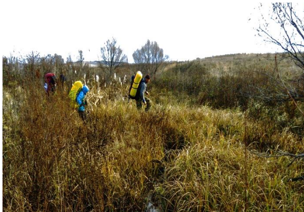
Рис. 28. Переправа через р. Терса.
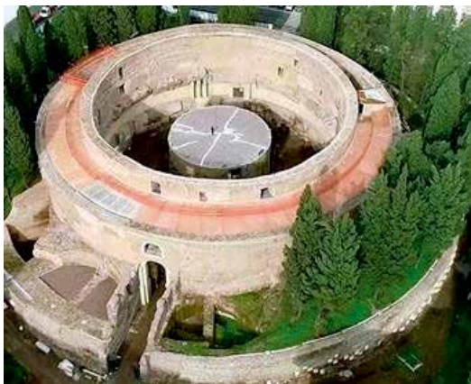
Mausoleo di Augusto na renovatie

Al vroeg op zijn weg naar de alleenheerschappij liet Augustus in Rome een enorme graftombe voor zichzelf bouwen: het 'Mausoleum', op de Campus Martius, aan de Via Flaminia. Al in 28 v.Chr. was het monument vol- tooid. Het Mausoleum zou onderdeel worden van een groter complex van Augusteïsche monumenten in de buurt.
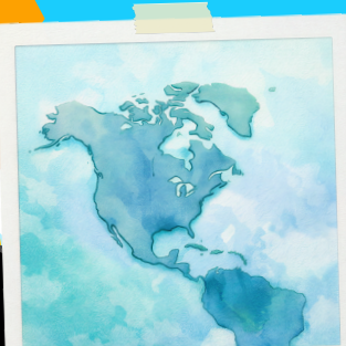
AMÈRICA DEL NORD
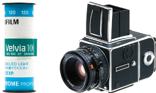
图1-2 120胶卷和使用120胶卷的中画幅相机

135胶卷是我们最常用的胶卷，以前家里用的傻瓜相机，几乎全部使用的是135胶卷，135胶卷一卷可以拍摄36张左右的照片。
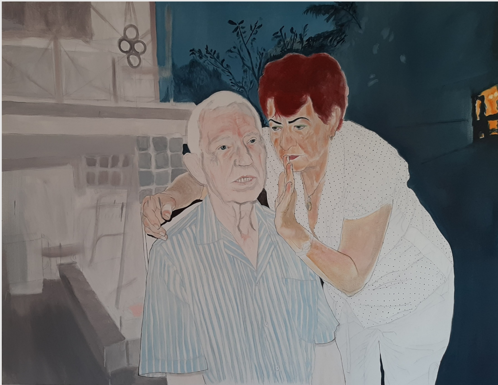
Te, te, te, te, te., 130x100cm, olej na płótnie
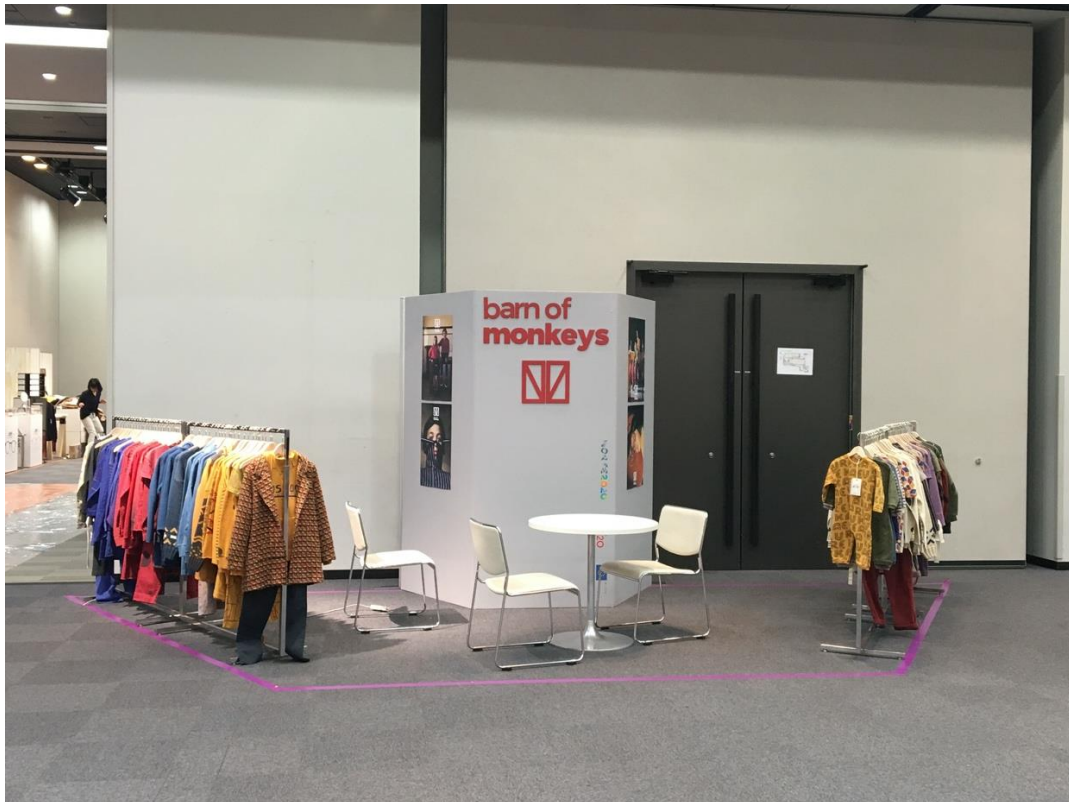
Figura 1 PLAYTIME TOKIO AW18
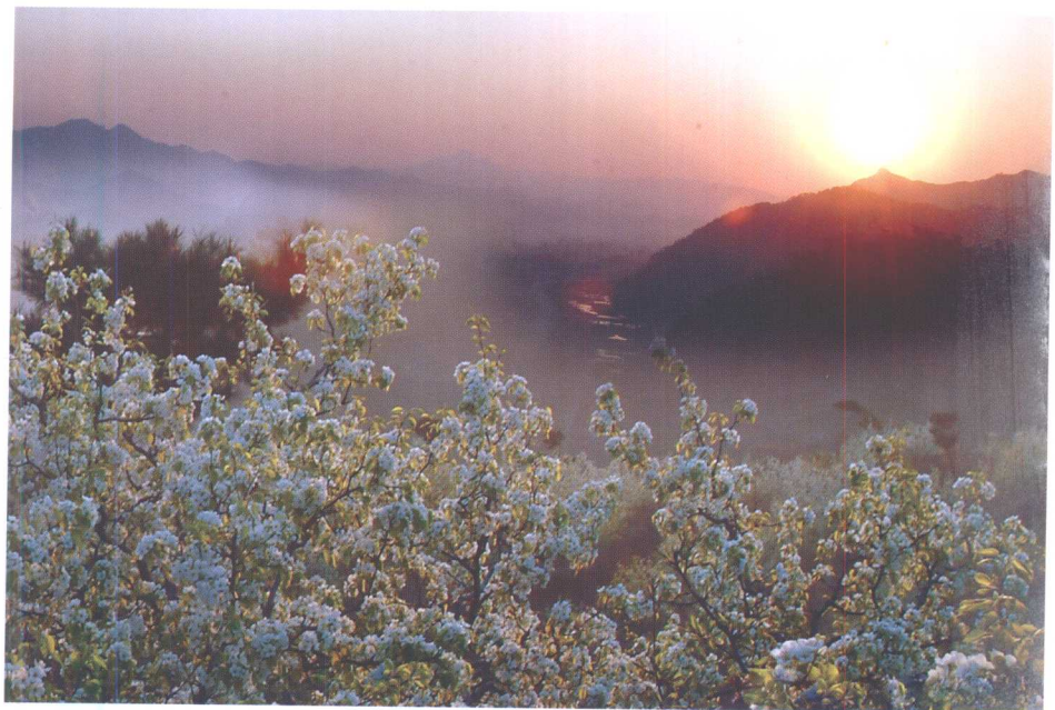
青龙县南山公园晨景
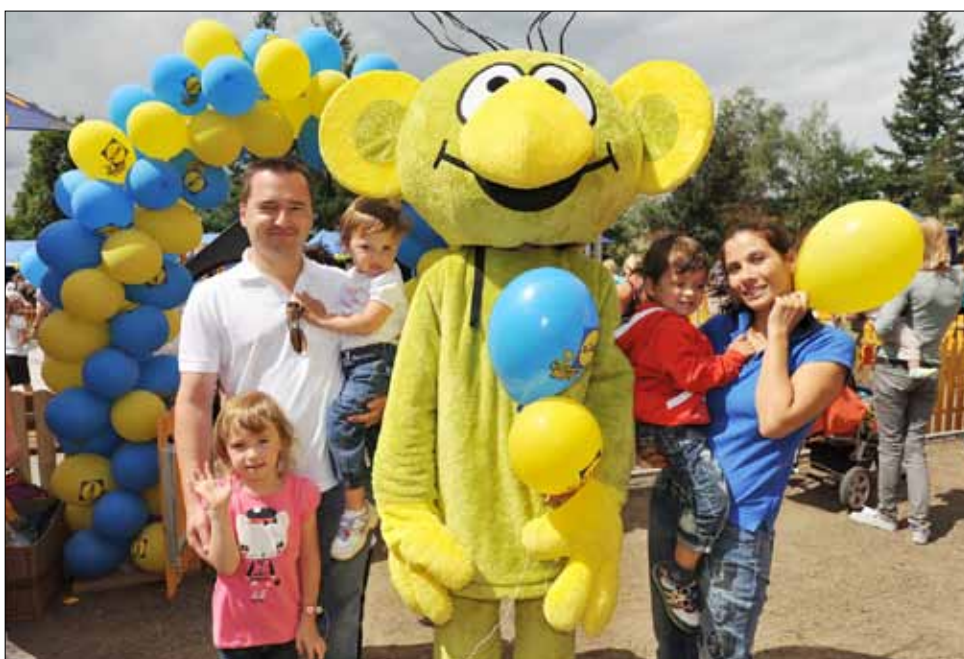
■ Historicky první Rákosníčkově hřiště na území Čech bylo v neděli 15. července slavnostně otevřeno v Berouně v Košťálkové ulici. Více na straně 10.
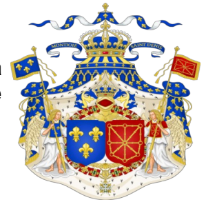
Blason de Louis XIV

Un blason c'est un signe d'identité , lié à un langage particulier : l'héraldique . La science héraldique étudie les armoiries et les blasons. Le blason est l'ensemble des couleurs et dessins apposés sur un écu (= emblème).
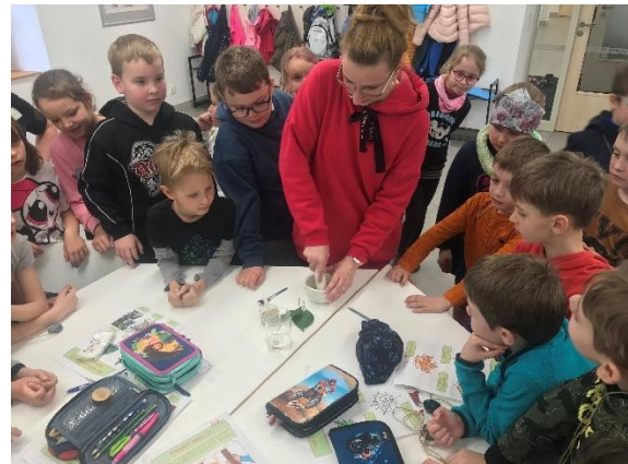
Obrázek 19: Den Země v ekocentru Hubert
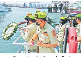
4月25日,印度新德里,当地的一处火葬场正在对新冠逝者遗体进行火化
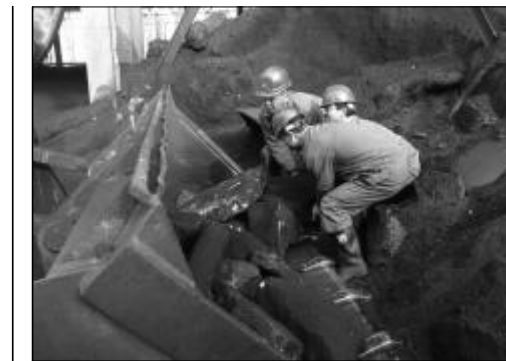
为了进一步强化降本意识,实现颗粒归仓,营销中心利用一周时间对80万吨煤堆场进行现场清理,从废弃垃圾中清理、筛选、分离出原煤近60吨,节约费用3万余元。图为燃料检验科员工正在清理煤场石块。

第一氧化铝厂在推行工时制当中,并不是一味拉大职工收入差距,造成新的矛盾,而是坚持做到有利于提高职工的积极性,有利于提高检修工时效率,有利于提高设备保障水平。这样,使以前愿意干活的,以前偷懒的也转变观念积极投入工作,促进了工时制的平稳开展和推行目标的实现。在实施中,综合一车间提出所有的活让所有的人去干。这样,原来只维修空压机的检修工,可以到翻车机焊接下料算子,可以到80万吨氧化铝进行倒组,在综合二车间,只要打开电脑就能掌握到各队检修工作的落实和工时得分情况。综合三车间做到了派活、统计、协调、考核一条龙管理,各队之间的总体工作量基本保持平衡,使愿意干活的人都能拿到工时,提高了职工的积极性。在2月份底的高压溶出检修中,3个综合车间比干劲、比工期、比质量,顺利完成各项任务。在106沉槽槽的清理中,2000立方米的清理量,原来需要一个多月,现在10日之内顺利完成。3月10日开始的5号大窑的清理中,综合二车间把任务分解到人头,核定出工时,提前24小时完成了全部清理量,为大窑检修赢得了宝贵时间。满眼春风扑面来。工时制的推行,有效提高了职工的积极性,提高了检修质量、工时效率和设备保障水平。在前进的路上,“工时制”沐浴着改革的春风,已经在第一氧化铝厂扎根发芽,并且会愈来愈显现出其蓬勃向上的生机和活力!
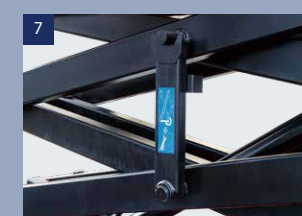
7 Stützarme: Zum Schutz des Bedieners bei Reparatur- und Wartungsarbeiten
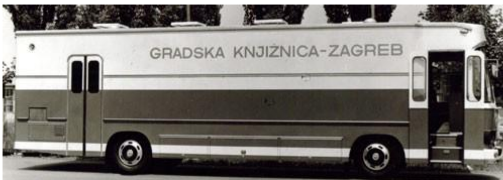
Slika 3. Prvi zagrebački bibliobus.

Sredinom 1980-ih godina bibliobusne su službe doživjele vrhunac svog razvoja. Prema rezultatima ankete koju je 1986. godine provela Sekcija za narodne knjižnice Hrvatskog knjižničarskog društva, krajem 1985. godine djelovalo je 17 vozila na području Hrvatske.
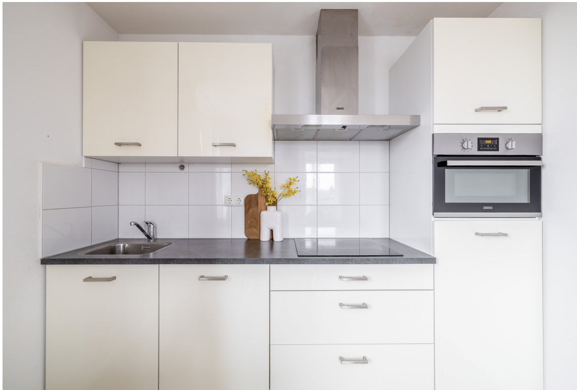
Graaf Janstraat 20A, Beverwijk
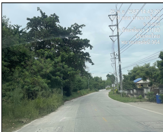
แนวทอส่งก๊าซฯ บริเวณถนนท้องถิ่นบ้านมาบข่า- สำนักอ้ายยอนตัดกับทางหลวงแผ่นดินหมายเลข 3191
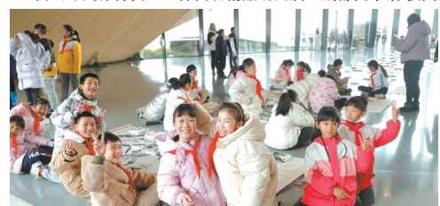
160位小朋友共绘水墨长卷

与文物对话，体味人民艺术家的孜孜以求。“白云深处作神仙——齐白石精品研究展”是成都市美术馆继黄宾虹、关山月等国画大师作品展之后，聚焦近现代国画家蜀现象的“再读大师”系列展览。该展览特别梳理了齐白石与巴蜀地区的深厚情缘，共展出136件齐白石真迹
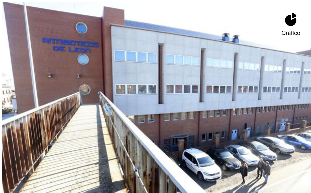
Imagen de la planta de Antibióticos en León.
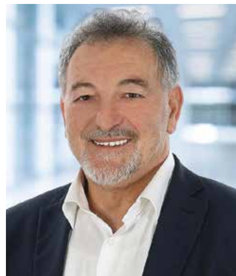
Ο ΔΗΜΑΡΧΟΣ ΘΕΡΜΗΣ

πλέον 639.760,94€. Η υπηρεσία για να καλύψει τη διαφορά ύψους 332.253,36€ (972.014,30–639.760,94), θα εντείνει την προσπάθεια είσπραξης παλαιών οφειλών και οριστικών ανείσπρακτων τελών που αποστέλλονται από τους παρόχους και θα συνεχίσει τους ελέγχους των τετραγωνικών μέτρων των ακινήτων προς κάλυψη όποιων περαιτέρω αναγκών προκύπτουν στα έσοδα. Σημειώνω δε, ότι εξακολουθούν να ισχύουν οι ευνοϊκές ρυθμίσεις της τιμολογιακής πολιτικής του Δήμου σε όλες τις άλλες κατηγορίες των συντελεστών, καθώς και οι απαλλαγές και οι εκπτώσεις για ειδικές κατηγορίες συμπολιτών μας”.
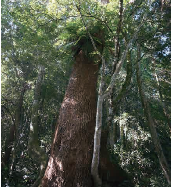
牛樟巨木胸寬460公分

間的烏龍茶產地。而一旁菲律賓楠大喬木是製造牛車輦板的最佳材質。牛樟巨木海拔1270公尺(218249,2603972)，胸寬460公分，當初沒有被侵略者帶走，憑古弔今不勝感慨！瑞里居民刨取牛樟煉油可申請不必至南洋當軍伕。伴生植物有火燒栲、黃藤、玉葉金花、黃杞、奧氏虎皮楠、粗毛柃木、金粟蘭、紅楠、山龍眼、長葉木薑子、台灣楊桐、黑星櫻，偶見鬼櫟。向前走是七步回音亭，亭上落葉層是烏來麻、腎蕨、台灣山蘇、姑婆芋、長果藤、柃樹藤等良好棲息地。往奮瑞古道叉路口海拔1302公尺(218246,2603865)，直走至瑞太古道。
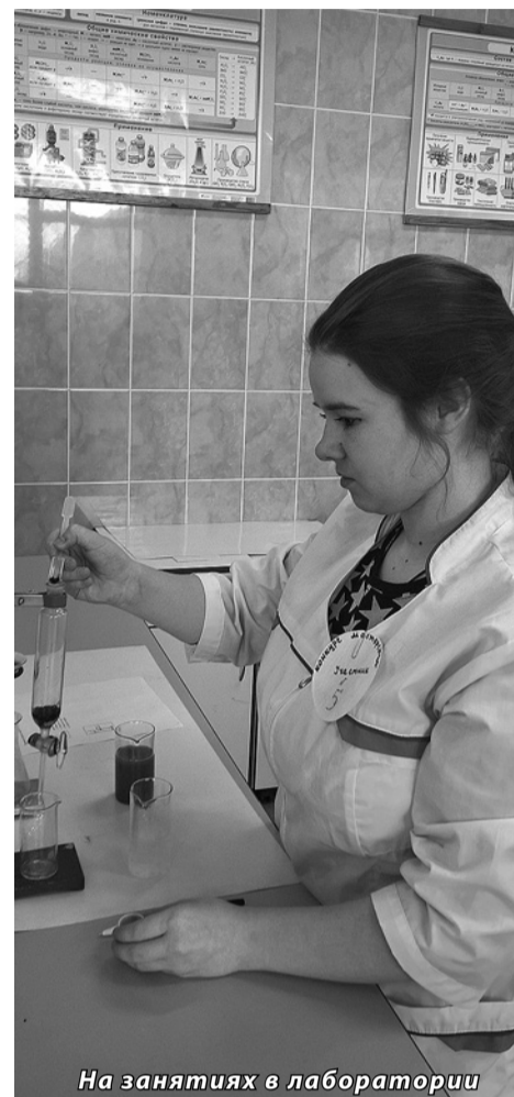
На занятиях в лаборатории

У колледжа есть еще два здания, где расположились Структурное подразделение «Детский дом», мастерские, «Ресурсный центр».
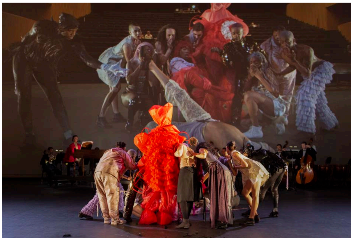
Un Ball Baroque
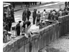
Немецкие рабочие строят железный занавес

Юридическая мякотка в том, что размещение ракет на Кубе, как и в Турции, не нарушает никаких норм международного права. Понятно, что в случае карибского острова пендосам это неприятно, но, как ни

####

Problem description: Range to print from the listing above: from the line with "Graaf Janstraat 20A, Beverwijk" up to and including the line with "牛樟巨木胸寬460公分". Please print those lines exactly, with no pictures and nothing more.

Your response:
Graaf Janstraat 20A, Beverwijk
แนวทอส่งก๊าซฯ บริเวณถนนท้องถิ่นบ้านมาบข่า- สำนักอ้ายยอนตัดกับทางหลวงแผ่นดินหมายเลข 3191
160位小朋友共绘水墨长卷

与文物对话，体味人民艺术家的孜孜以求。“白云深处作神仙——齐白石精品研究展”是成都市美术馆继黄宾虹、关山月等国画大师作品展之后，聚焦近现代国画家蜀现象的“再读大师”系列展览。该展览特别梳理了齐白石与巴蜀地区的深厚情缘，共展出136件齐白石真迹
Imagen de la planta de Antibióticos en León.
Ο ΔΗΜΑΡΧΟΣ ΘΕΡΜΗΣ

πλέον 639.760,94€. Η υπηρεσία για να καλύψει τη διαφορά ύψους 332.253,36€ (972.014,30–639.760,94), θα εντείνει την προσπάθεια είσπραξης παλαιών οφειλών και οριστικών ανείσπρακτων τελών που αποστέλλονται από τους παρόχους και θα συνεχίσει τους ελέγχους των τετραγωνικών μέτρων των ακινήτων προς κάλυψη όποιων περαιτέρω αναγκών προκύπτουν στα έσοδα. Σημειώνω δε, ότι εξακολουθούν να ισχύουν οι ευνοϊκές ρυθμίσεις της τιμολογιακής πολιτικής του Δήμου σε όλες τις άλλες κατηγορίες των συντελεστών, καθώς και οι απαλλαγές και οι εκπτώσεις για ειδικές κατηγορίες συμπολιτών μας”.
牛樟巨木胸寬460公分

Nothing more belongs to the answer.